I got the same issue on standalone spark in windows.
My version of fix is like this:
I had my environment variables setting as bellow
PYSPARK_SUBMIT_ARGS="pyspark-shell"
PYSPARK_DRIVER_PYTHON=jupyter
PYSPARK_DRIVER_PYTHON_OPTS='notebook' pyspark
With this setting I executed an Action on pyspark and got the following exception:
Python in worker has different version 3.6 than that in driver 3.5, PySpark cannot run with different minor versions.
Please check environment variables PYSPARK_PYTHON and PYSPARK_DRIVER_PYTHON are correctly set.
To check with which python version my spark-worker is using hit the following in the cmd prompt.
python --version
Python 3.6.3
which showed me Python 3.6.3. So clearly my spark-worker is using system python which is v3.6.3.
Now as I set my spark-driver to run jupyter by setting PYSPARK_DRIVER_PYTHON=jupyter so I need to check the python version jupyter is using.

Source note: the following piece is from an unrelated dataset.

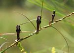 Slender perennial climbing herb. Leaves filiform, up to c. 3 cm. Flowers very dark purple, lighter maroon to whitish near the inflated base of the corolla tube. Corolla lobes hairy, fused at the apices to form a "cage". |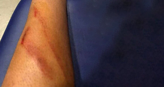 Genç futbolcu maç sonrası rakip futbolcunun kramponunun izinin çıktığı bacağının fotoğrafını, "Söyleyecek bir şey yok" mesajıyla sosyal medya hesabından paylaştı.

To do this check open Anaconda Prompt and hit
python --version
Python 3.5.X :: Anaconda, Inc.
Here got the jupyter python is using the v3.5.x. You can check this version also in any Notebook (Help->About).
Now I need to update the jupyter python to the version v3.6.6. To do that open up the Anaconda Prompt and hit
conda search python
This will give you a list of available python versions in Anaconda. Install your desired one with
conda install python=3.6.3
Now I have both of the Python installation of same version 3.6.3 Spark should not comply and it didn't when I ran an Action on Spark-driver. Exception is gone.
Happy coding ...